Recorded data:
****

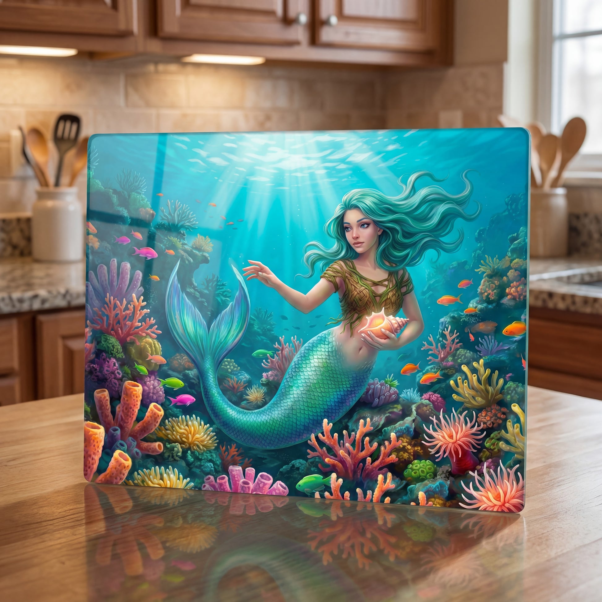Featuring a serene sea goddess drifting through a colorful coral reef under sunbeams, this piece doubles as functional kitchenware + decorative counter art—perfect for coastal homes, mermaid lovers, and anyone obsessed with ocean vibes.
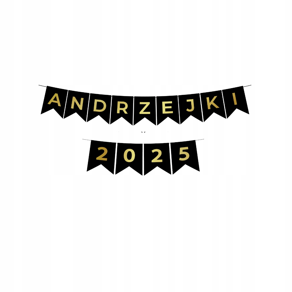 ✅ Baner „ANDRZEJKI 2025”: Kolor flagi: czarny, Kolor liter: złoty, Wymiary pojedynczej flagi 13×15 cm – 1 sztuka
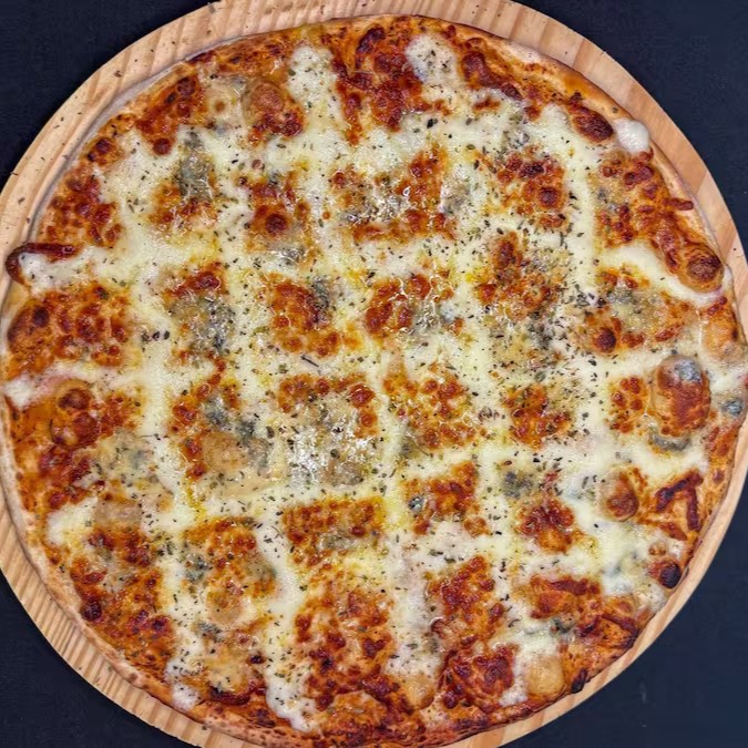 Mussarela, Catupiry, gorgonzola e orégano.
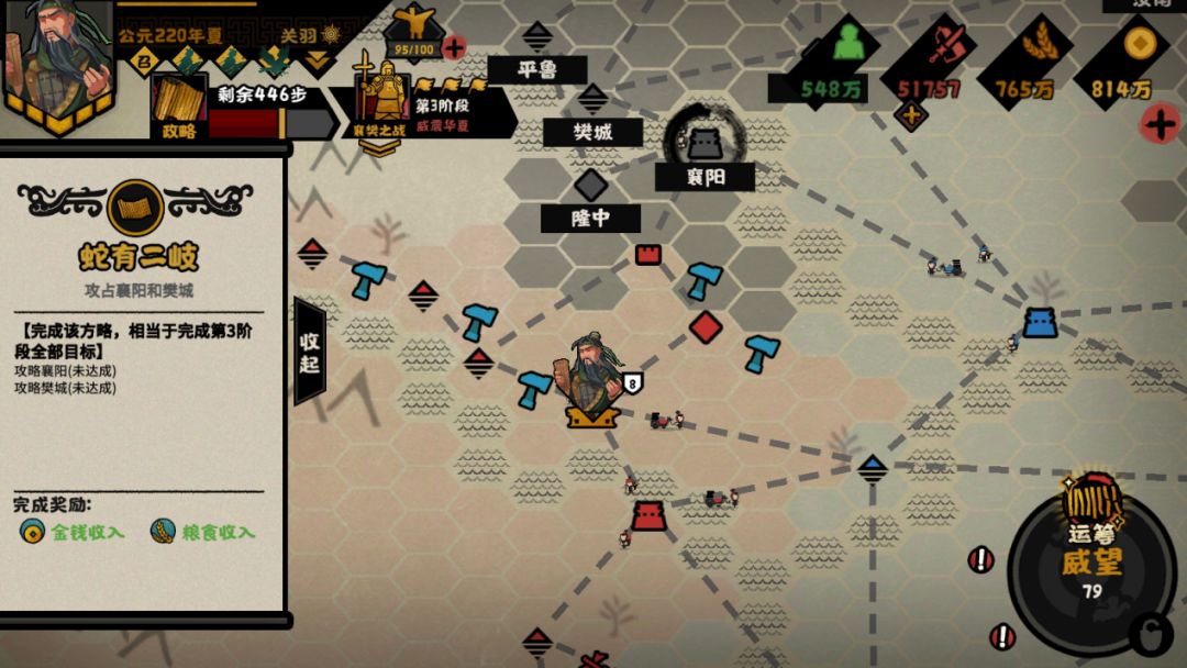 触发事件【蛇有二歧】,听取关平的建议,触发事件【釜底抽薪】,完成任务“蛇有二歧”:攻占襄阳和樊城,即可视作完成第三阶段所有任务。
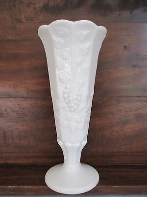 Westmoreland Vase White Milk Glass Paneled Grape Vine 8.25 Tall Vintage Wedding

****

■ THE TASK
Please transcribe every entry above exactly, leaving out any pictures.

■ RESPONSE TO THIS TASK
Featuring a serene sea goddess drifting through a colorful coral reef under sunbeams, this piece doubles as functional kitchenware + decorative counter art—perfect for coastal homes, mermaid lovers, and anyone obsessed with ocean vibes.
 ✅ Baner „ANDRZEJKI 2025”: Kolor flagi: czarny, Kolor liter: złoty, Wymiary pojedynczej flagi 13×15 cm – 1 sztuka
 Mussarela, Catupiry, gorgonzola e orégano.
 触发事件【蛇有二歧】,听取关平的建议,触发事件【釜底抽薪】,完成任务“蛇有二歧”:攻占襄阳和樊城,即可视作完成第三阶段所有任务。
 Westmoreland Vase White Milk Glass Paneled Grape Vine 8.25 Tall Vintage Wedding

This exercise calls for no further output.